> RAW DATA
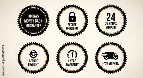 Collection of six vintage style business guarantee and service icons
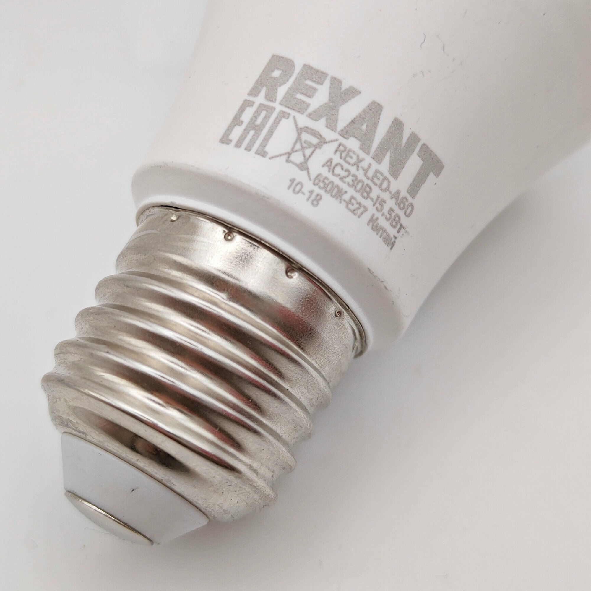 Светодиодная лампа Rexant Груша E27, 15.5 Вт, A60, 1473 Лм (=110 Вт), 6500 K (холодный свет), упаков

* * *

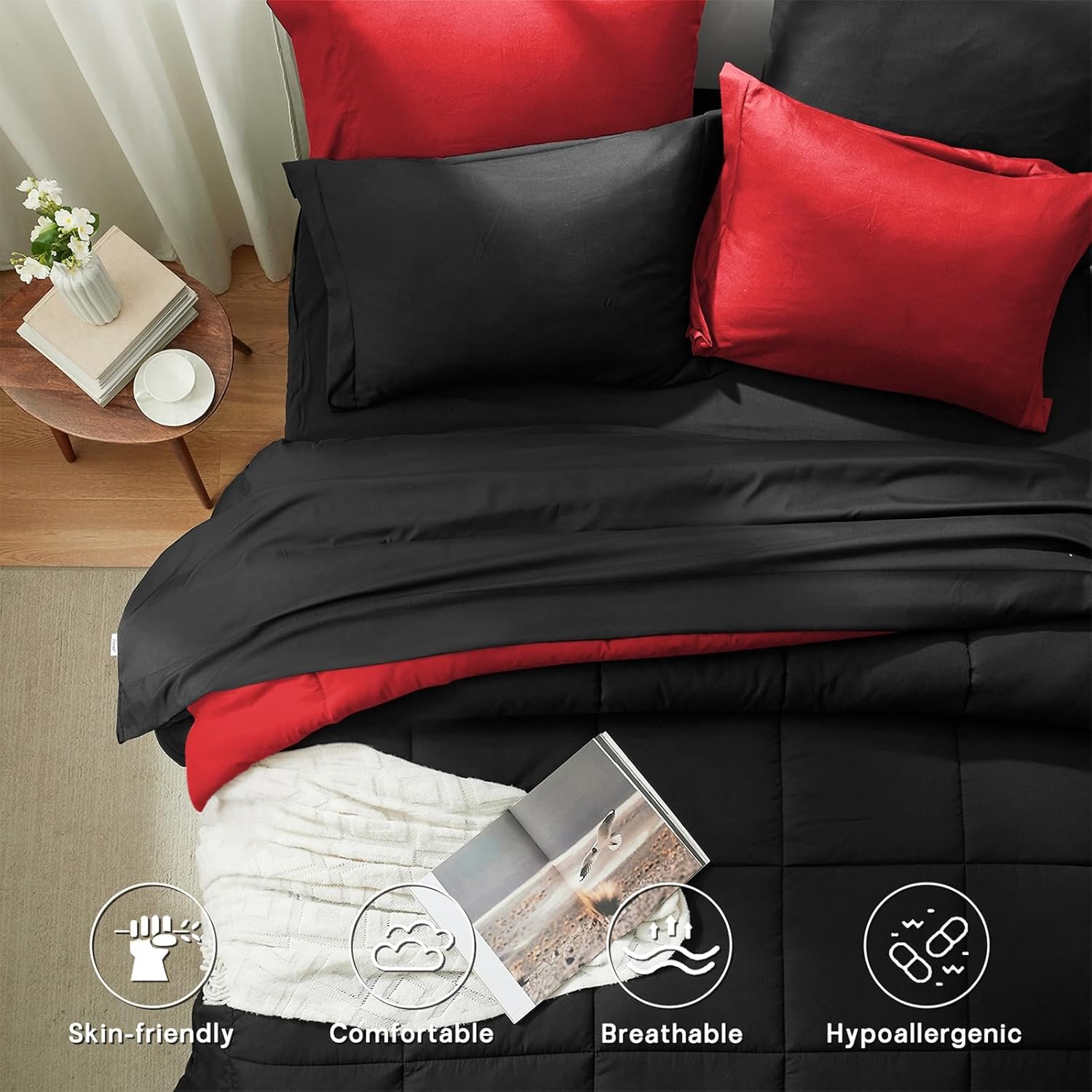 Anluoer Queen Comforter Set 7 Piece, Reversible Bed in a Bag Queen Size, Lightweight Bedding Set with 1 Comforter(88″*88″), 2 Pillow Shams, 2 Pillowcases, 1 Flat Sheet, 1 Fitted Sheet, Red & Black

> BRIEF
The lines above from the line with "Collection of six" through the line with "Светодиодная лампа Rexant" are to be given again word for word, with no pictures among them.

> EXPECTED ANSWER
 Collection of six vintage style business guarantee and service icons
 Светодиодная лампа Rexant Груша E27, 15.5 Вт, A60, 1473 Лм (=110 Вт), 6500 K (холодный свет), упаков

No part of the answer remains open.